## EXERCISE
From the records below, print only the part that opens with the line containing "Grußkarte aus dem" and closes with the line containing "- Fully Functional: Enjoy"; omit the pictures.
##### MATERIAL FOR THE TASK
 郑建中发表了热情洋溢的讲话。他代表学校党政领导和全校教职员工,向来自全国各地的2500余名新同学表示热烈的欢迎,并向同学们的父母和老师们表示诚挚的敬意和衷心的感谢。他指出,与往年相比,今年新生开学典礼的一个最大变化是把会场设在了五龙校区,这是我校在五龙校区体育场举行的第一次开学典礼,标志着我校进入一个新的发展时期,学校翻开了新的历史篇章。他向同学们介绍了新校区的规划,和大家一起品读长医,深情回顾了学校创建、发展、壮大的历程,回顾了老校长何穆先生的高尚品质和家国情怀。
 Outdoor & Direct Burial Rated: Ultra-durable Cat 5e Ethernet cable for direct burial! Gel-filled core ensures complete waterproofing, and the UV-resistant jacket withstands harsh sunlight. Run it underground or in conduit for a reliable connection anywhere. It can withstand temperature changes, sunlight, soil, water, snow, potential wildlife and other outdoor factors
##########
##### MATERIAL FOR THE TASK
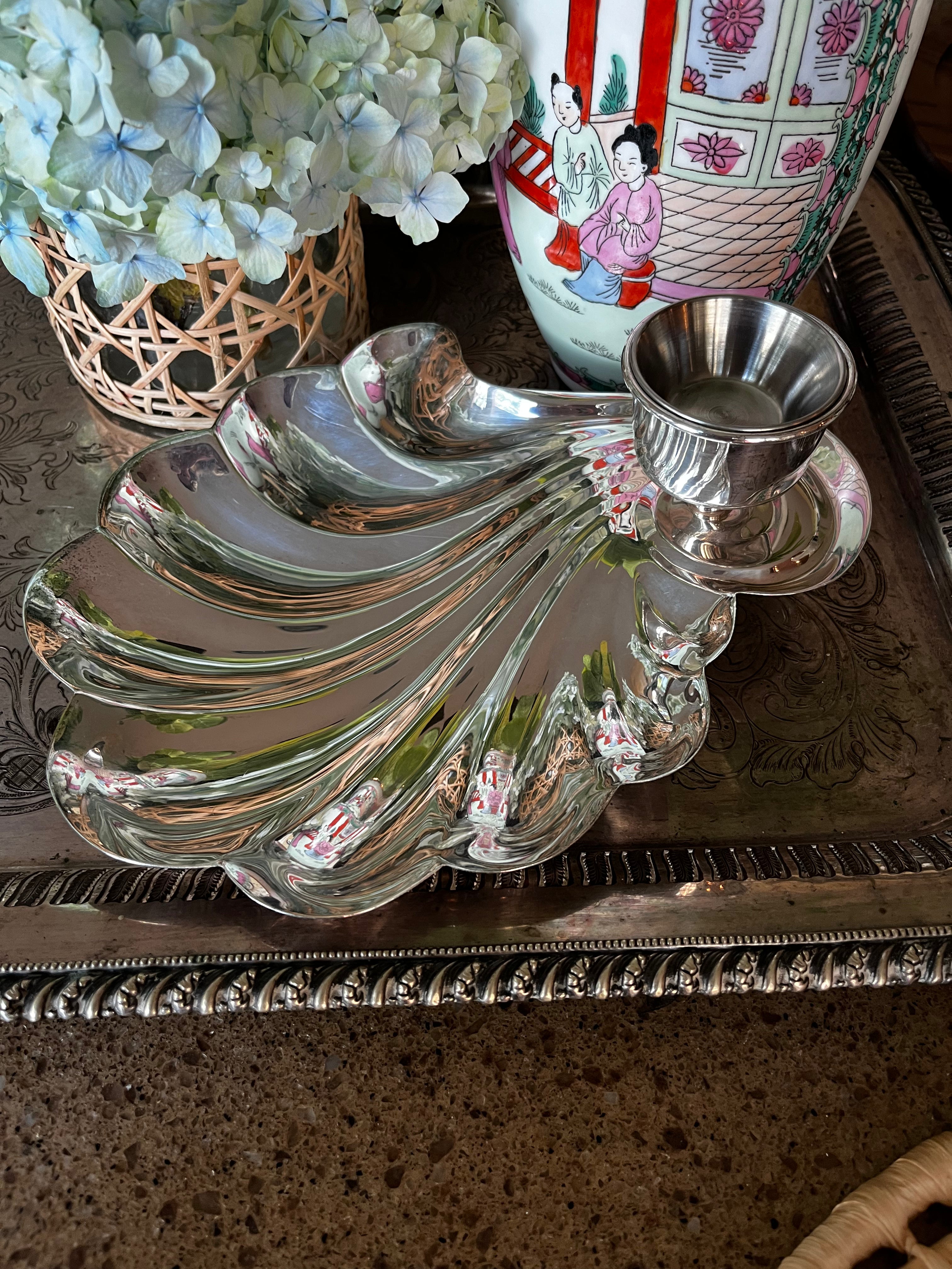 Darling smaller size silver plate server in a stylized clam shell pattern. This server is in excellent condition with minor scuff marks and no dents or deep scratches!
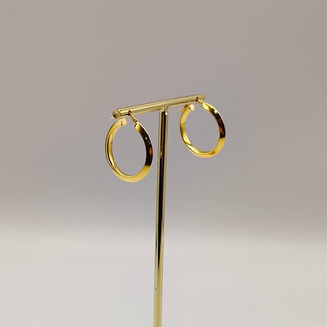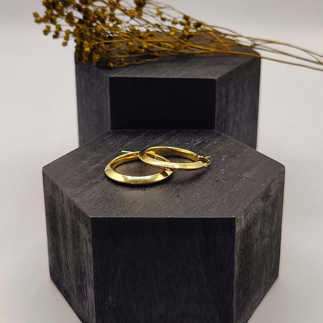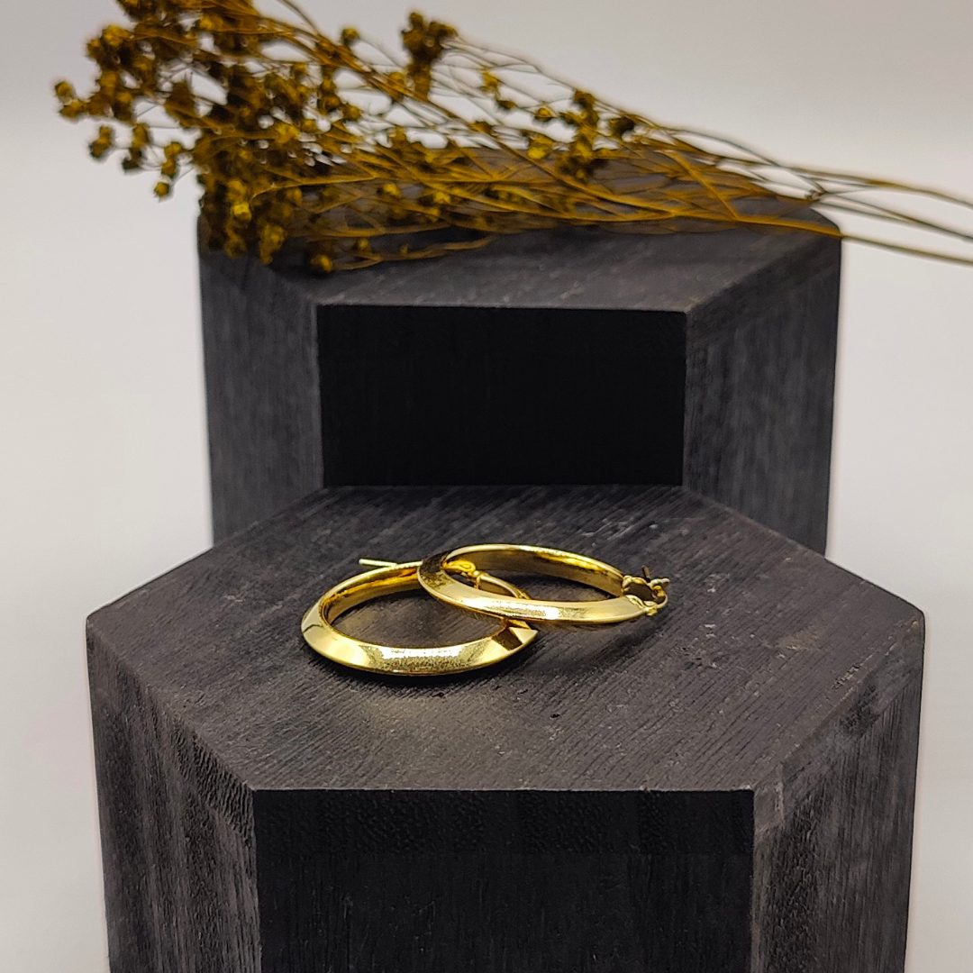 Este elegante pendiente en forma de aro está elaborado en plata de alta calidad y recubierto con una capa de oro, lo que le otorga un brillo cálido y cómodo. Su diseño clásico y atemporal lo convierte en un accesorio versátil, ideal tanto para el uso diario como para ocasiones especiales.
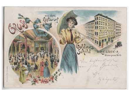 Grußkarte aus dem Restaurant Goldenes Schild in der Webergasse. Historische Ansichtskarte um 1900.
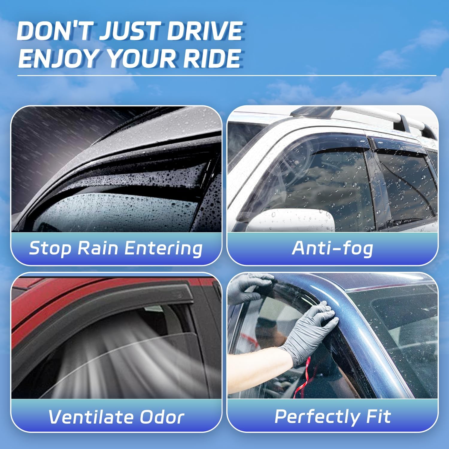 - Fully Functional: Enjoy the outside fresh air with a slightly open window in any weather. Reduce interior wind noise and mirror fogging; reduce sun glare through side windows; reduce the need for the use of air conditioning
##########
## COMPLETED EXERCISE
 Grußkarte aus dem Restaurant Goldenes Schild in der Webergasse. Historische Ansichtskarte um 1900.
 - Fully Functional: Enjoy the outside fresh air with a slightly open window in any weather. Reduce interior wind noise and mirror fogging; reduce sun glare through side windows; reduce the need for the use of air conditioning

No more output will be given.